Thomas Robert Malthus
In his autobiography Darwin talks about how he was taken by Thomas Robert Malthus’ 1798 observation that plants and animals produce far more offspring than can survive. This phenomenon was also true in the human animal, which Malthus attributed to a divine purpose, preventing us from being lazy:
The power of population is so superior to the power of the earth to produce subsistence for man, that premature death must in some shape or other visit the human race… sickly seasons, epidemics, pestilence, and plague advance in terrific array, and sweep off their thousands and tens of thousands… gigantic inevitable famine stalks in the rear, and with one mighty blow levels the population with the food of the world.
Darwin didn’t discover the similarities in structures among species. The same number of bones in a human hand was in a whale’s fin as any naturalist could see. Darwin didn’t discover evolution. Any scientist of his worth from Darwin’s time and slightly before it, understood the concepts of inheritance and adaptability of species on a great enough scale to see the big picture: species change over time and adapt remarkably to their environments. Darwin didn’t figure out that species compete for limited resources. Economists knew this fact very well already for the human animal as well as those in the wild. Darwin even presented his idea alongside Alfred Russel Wallace, who independently arrived at nearly the same conclusion.

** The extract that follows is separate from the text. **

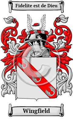 | Wingfield History, Family Crest & Coats of Arms Early Origins and Etymology of WingfieldThe surname Wingfield was first found in Suffolk at Wingfield, an ancient Saxon village that dates back to c. 1035 when it was listed as Wingefeld and probably meant "open land of the family or followers of a man called Wiga," from the Old English personal name + "-inga" + "feld." 1 "The Wingfields of Wingfield and Letheringham, both in Suffolk, a distinguished family of the fourteenth and fifteenth centuries, are traced nearly to the Conquest, though they do not appear to have been lords of the manor or castle of Wingfield before the reign of Edward II. " 2 Wingfield Castle, was the ancestral home of the Wingfield family and their heirs. Of note was Sir John de Wingfield (died c. 1361), Chief Administrator to Edward the Black Prince, a title received c. 1351 as a result of his devotion his prince including Crecy in 1346 and in the Normandy campaign in 1347-1348. Wingfield College "was founded on the south side of the church [of Wingfield] by the will of Sir John Wingfield, in 1362, for a provost and nine priests." 3 Early History of the Wingfield familyThis web page shows only a small excerpt of our Wingfield research. Another 105 words (8 lines of text) covering the years 1361, 1403, 1454, 1456, 1464, 1523, 1525, 1533, 1534, 1536, 1539, 1545, 1550, 1551, 1552, 1560, 1597, 1621, 1626, 1628, 1634, 1660 and 1677 are included under the topic Early Wingfield History in all our PDF Extended History products and printed products wherever possible. Wingfield Spelling VariationsSpelling variations of this family name include: Winfield, Wingfield and others. Early Notables of the Wingfield family- Sir John Wingfield (d. 1361), High Steward and Councilor to the Prince of Wales, who accompanied the Prince on his campaigns in France, Chief Administrator to Edward the Black Prince

What Darwin did was put it all together into a natural law. Natural Selection, no invisible creator’s hand to shape it, no species guiding their own adaptations, and no divine plan selecting the chosen from the rest. Natural Selection is simply an algorithm that explains how life, powered by the sun, grows more complex, specialized, and diverse over time.
If Darwin hadn’t discovered it, someone else would have. This simple algorithm was the truth everyone of the time was approaching. It not only built upon all the wisdom that had come before it, but predicted the discoveries that would follow, the chains of fossils, outlining the gradual changes in the species, and the existence of a mechanism by which traits would be passed along, which Gregor Mendel would later figure out with genetics.
So here’s to Charels Darwin, a man with the courage to publish ideas he knew were controversial, because the truth is truth whether you accept it or not. Here’s to all the naturalists who laid the groundwork for Darwin’s idea, and here’s to all the scientists who have expanded and refined the theory. People like Daniel Dennet, Richard Dawkins, Stephen J. Gould, Genetic Algorithm Programmers, Biologists, doctors dealing with bacterial resistance, and others are all standing on the shoulders of the giant, Charles Darwin.
And what does Charles Darwin stand on? As we can see, it’s giants all the way down.